The study, titled “Growing Up with Grand Theft Auto: A 10-Year Study of Longitudinal Growth of Violent Video Game Play in Adolescents,” looked at a group of children between the ages of 10 to 13 from a “Northwestern city” somewhere in the USA. Participants 65% caucasian, 12% Black, 19% multi-ethnic, and 4% other. All results were self-reported from periodic questionnaires sent out that examined each individual’s personal behaviors as well as their gaming habits, including what sorts of games they played
Taking a “person-centered approach” to the data, the study saw three distinct groups of people emerge: “high initial violence (4 percent), moderate (23 percent), and low increasers (73 percent).” High initial violence had the highest tendencies towards violent behavior and also violent video games, moderates were somewhere in the middle, and “low increasers” started out with a low preference for violent video games that increased ever so slightly over the 10-year study.
Overall, the study found no difference in “pro-social behavior” over time, meaning that playing violent games didn’t make any group particularly more anti-social.

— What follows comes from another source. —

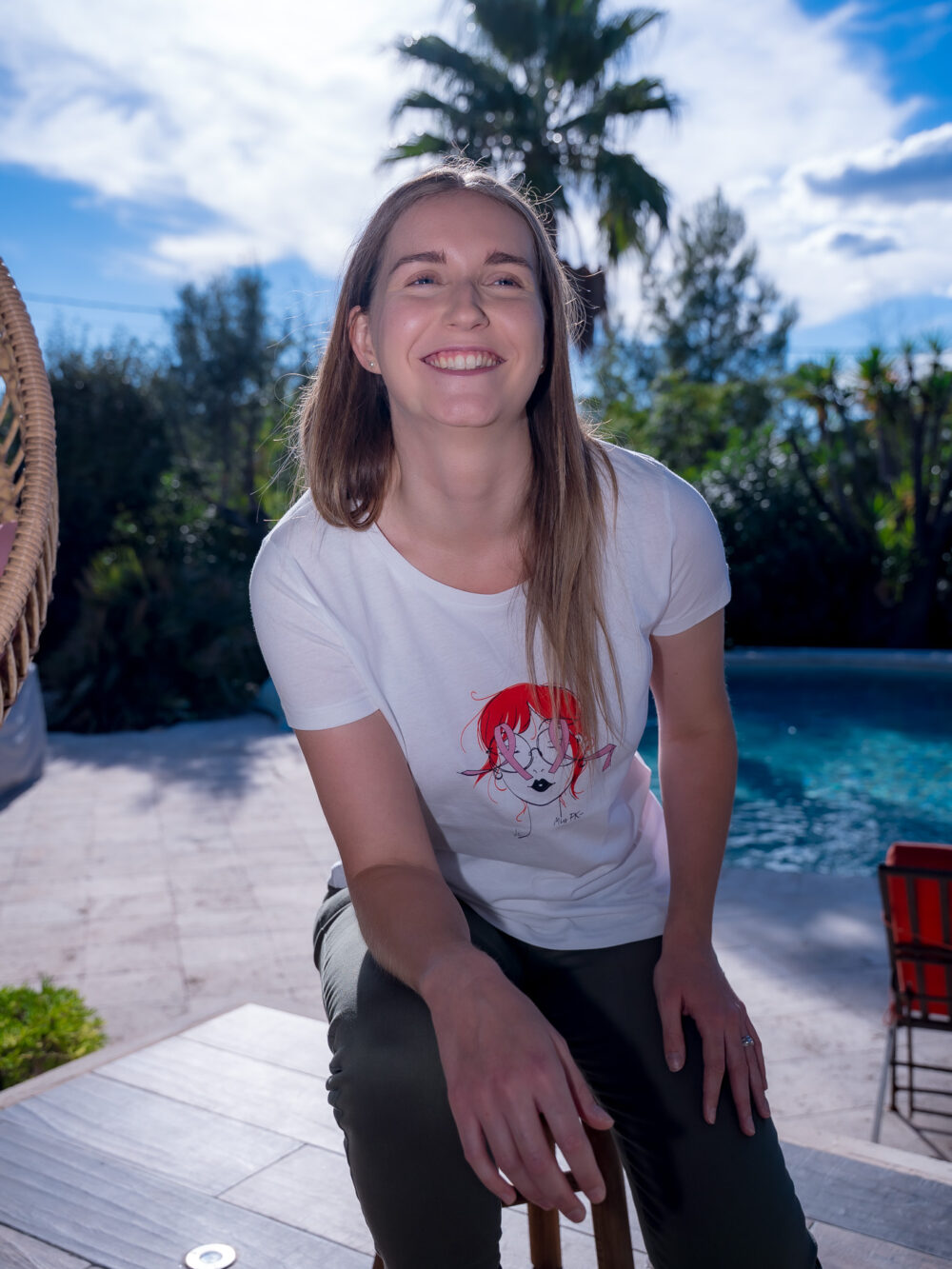 Cette collection capsule a été pensée comme un hommage vibrant à toutes les femmes touchées de près ou de loin par le cancer du sein. En partenariat avec la Ligue contre le cancer Comité du Var, chaque t-shirt devient un geste solidaire: 5 € sont reversés à la Ligue pour chaque achat.

Those with low violence scores and low tendency towards violent games did see a slight increase in both over time, but the group was “no higher in aggressive behavior than the high initial violence group at the final time point.”
Curiously, the high and moderate violence groups saw a “curvilinear” relationship with their gaming habits. Their preference for violent games initially decreased over time, bottomed out, and then rose back up at the end. This suggests that even young gamers that started out playing violent games like GTA will still have their Stardew Valley and Animal Crossing: New Horizons phase just like everyone else.
Or it might’ve been their parents stepping in and banning violent games for a time. The study didn’t ask participants why they played the games they did. But we’d like to think it was the siren’s call of Stardew that drew them away from their violent tendencies–at least, for a little while.